*** Opening Records shown ***

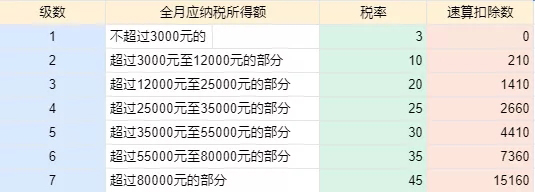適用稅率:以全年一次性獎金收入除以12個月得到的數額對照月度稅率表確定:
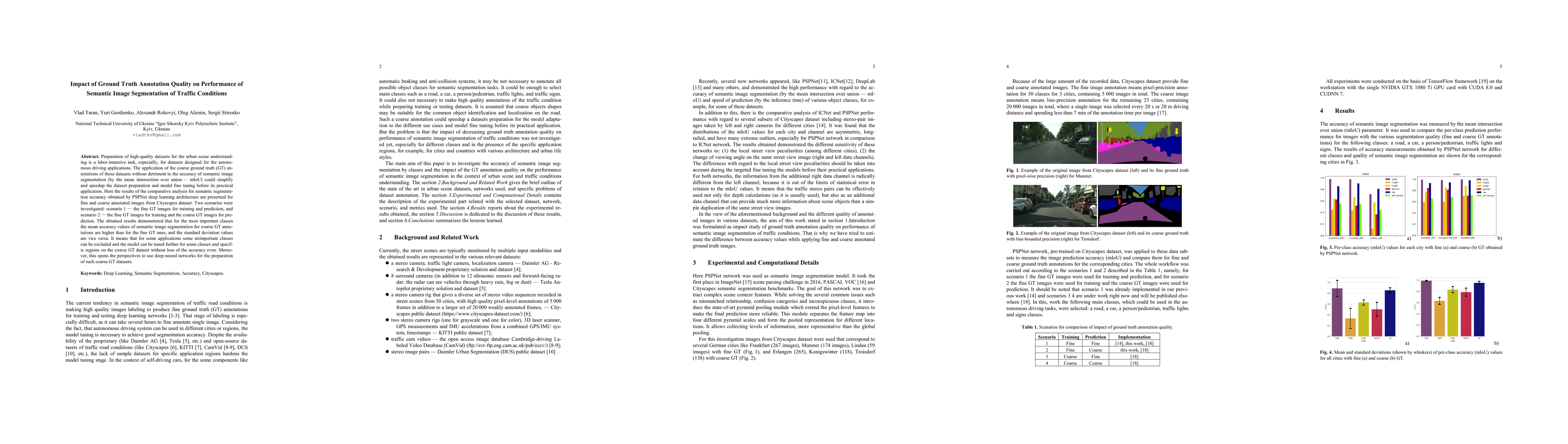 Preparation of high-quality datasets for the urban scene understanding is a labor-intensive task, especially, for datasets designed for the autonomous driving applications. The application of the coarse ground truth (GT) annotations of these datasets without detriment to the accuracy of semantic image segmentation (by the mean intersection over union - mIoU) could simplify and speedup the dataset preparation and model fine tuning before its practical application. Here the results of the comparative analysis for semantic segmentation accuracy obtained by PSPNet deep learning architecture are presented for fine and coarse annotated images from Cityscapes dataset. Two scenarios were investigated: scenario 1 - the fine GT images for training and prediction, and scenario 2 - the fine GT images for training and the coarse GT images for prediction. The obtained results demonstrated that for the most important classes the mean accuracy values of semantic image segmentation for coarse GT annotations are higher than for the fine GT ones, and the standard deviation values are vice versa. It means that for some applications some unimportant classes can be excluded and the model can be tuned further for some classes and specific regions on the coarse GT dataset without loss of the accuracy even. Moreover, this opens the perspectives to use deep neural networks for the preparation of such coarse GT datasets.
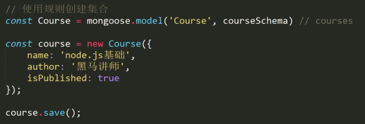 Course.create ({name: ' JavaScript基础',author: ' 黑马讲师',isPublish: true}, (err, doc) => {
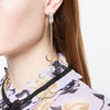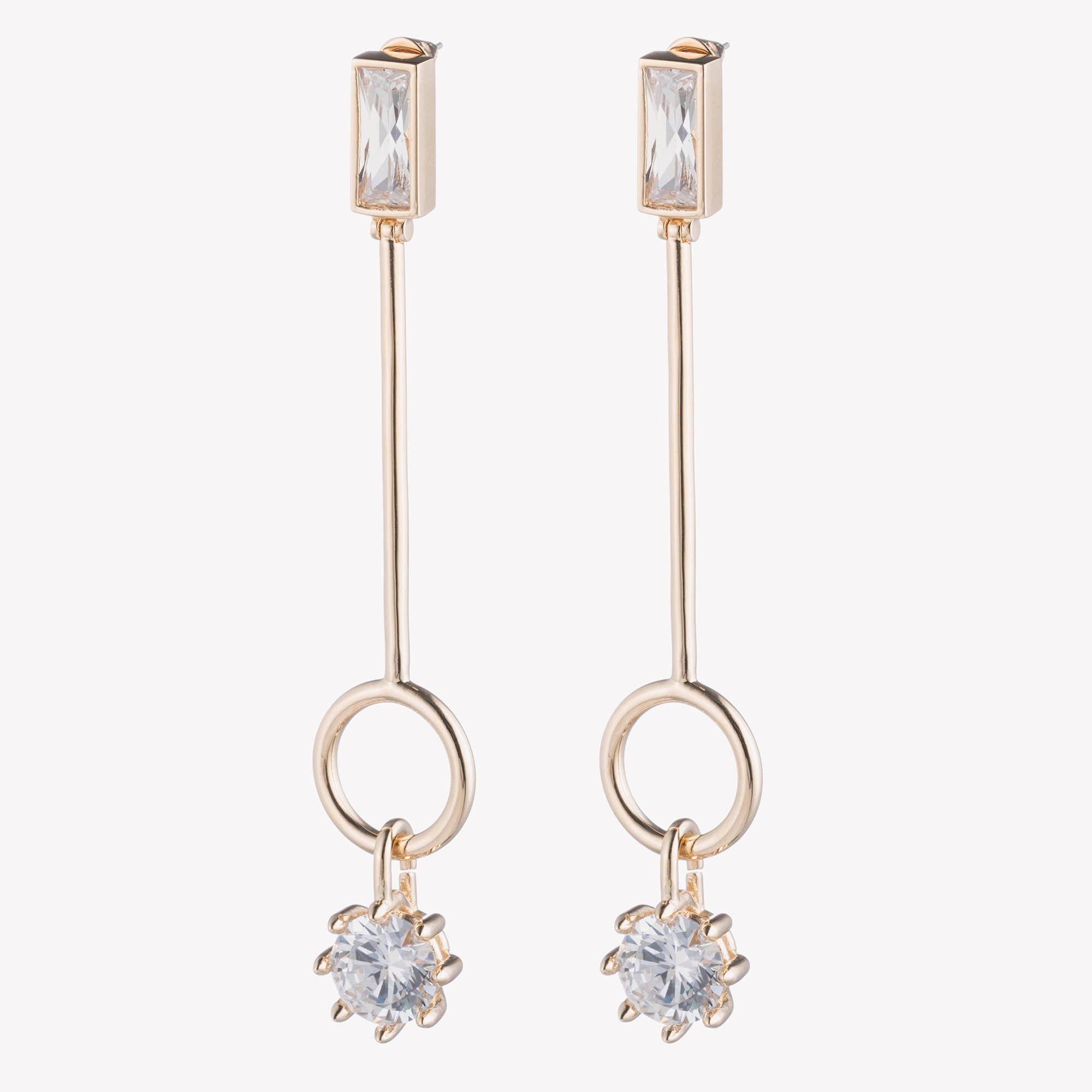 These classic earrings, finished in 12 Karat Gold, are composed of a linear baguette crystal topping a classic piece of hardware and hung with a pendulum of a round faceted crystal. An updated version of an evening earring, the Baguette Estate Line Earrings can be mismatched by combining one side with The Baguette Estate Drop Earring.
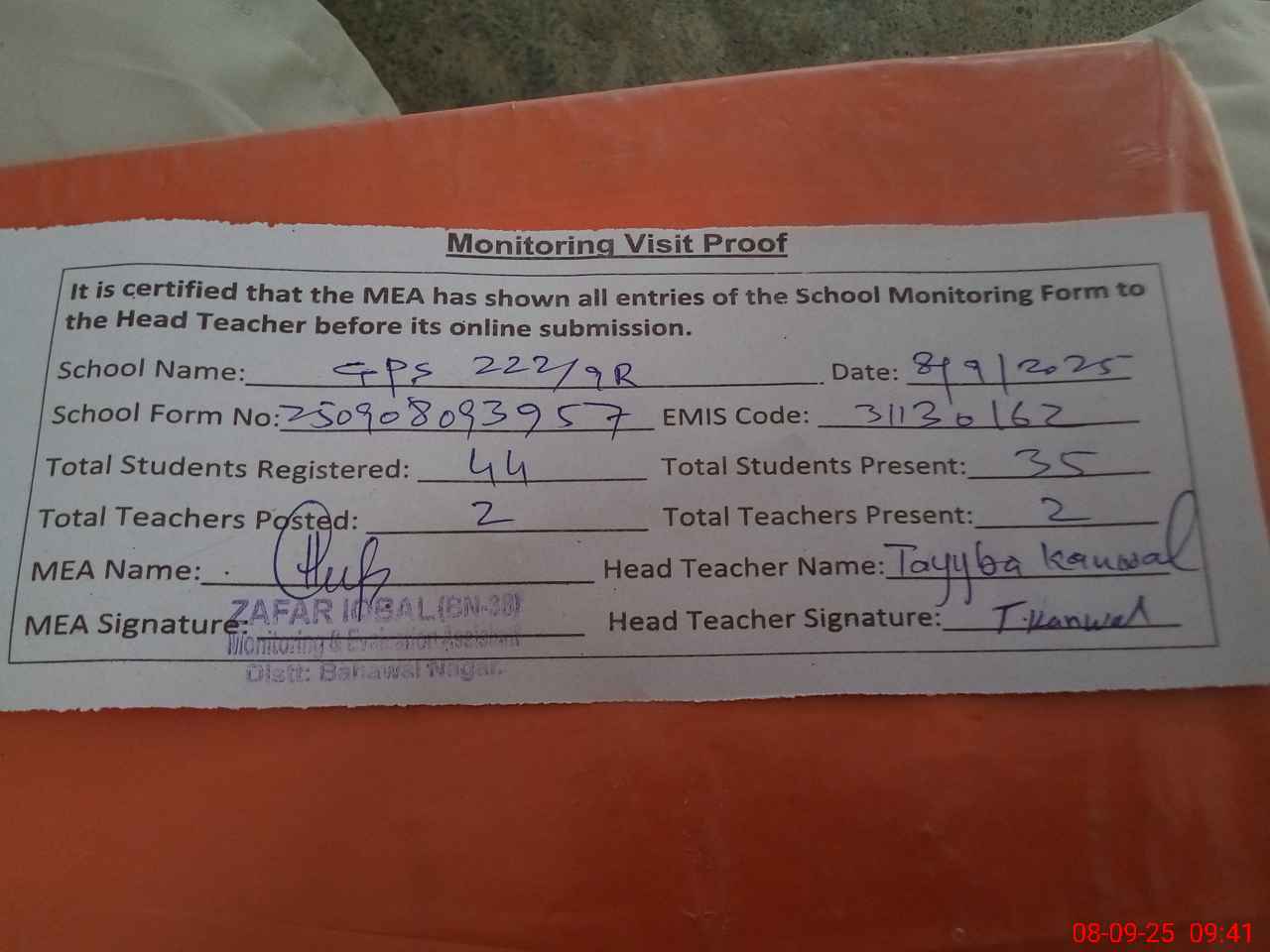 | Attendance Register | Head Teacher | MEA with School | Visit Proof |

*** Closing Records shown ***

Task prompt: Transcribe the entries above exactly, from their first line through the line with "(err, doc) =>", and omit all pictures.

Result below:
適用稅率:以全年一次性獎金收入除以12個月得到的數額對照月度稅率表確定:
 Preparation of high-quality datasets for the urban scene understanding is a labor-intensive task, especially, for datasets designed for the autonomous driving applications. The application of the coarse ground truth (GT) annotations of these datasets without detriment to the accuracy of semantic image segmentation (by the mean intersection over union - mIoU) could simplify and speedup the dataset preparation and model fine tuning before its practical application. Here the results of the comparative analysis for semantic segmentation accuracy obtained by PSPNet deep learning architecture are presented for fine and coarse annotated images from Cityscapes dataset. Two scenarios were investigated: scenario 1 - the fine GT images for training and prediction, and scenario 2 - the fine GT images for training and the coarse GT images for prediction. The obtained results demonstrated that for the most important classes the mean accuracy values of semantic image segmentation for coarse GT annotations are higher than for the fine GT ones, and the standard deviation values are vice versa. It means that for some applications some unimportant classes can be excluded and the model can be tuned further for some classes and specific regions on the coarse GT dataset without loss of the accuracy even. Moreover, this opens the perspectives to use deep neural networks for the preparation of such coarse GT datasets.
 Course.create ({name: ' JavaScript基础',author: ' 黑马讲师',isPublish: true}, (err, doc) => {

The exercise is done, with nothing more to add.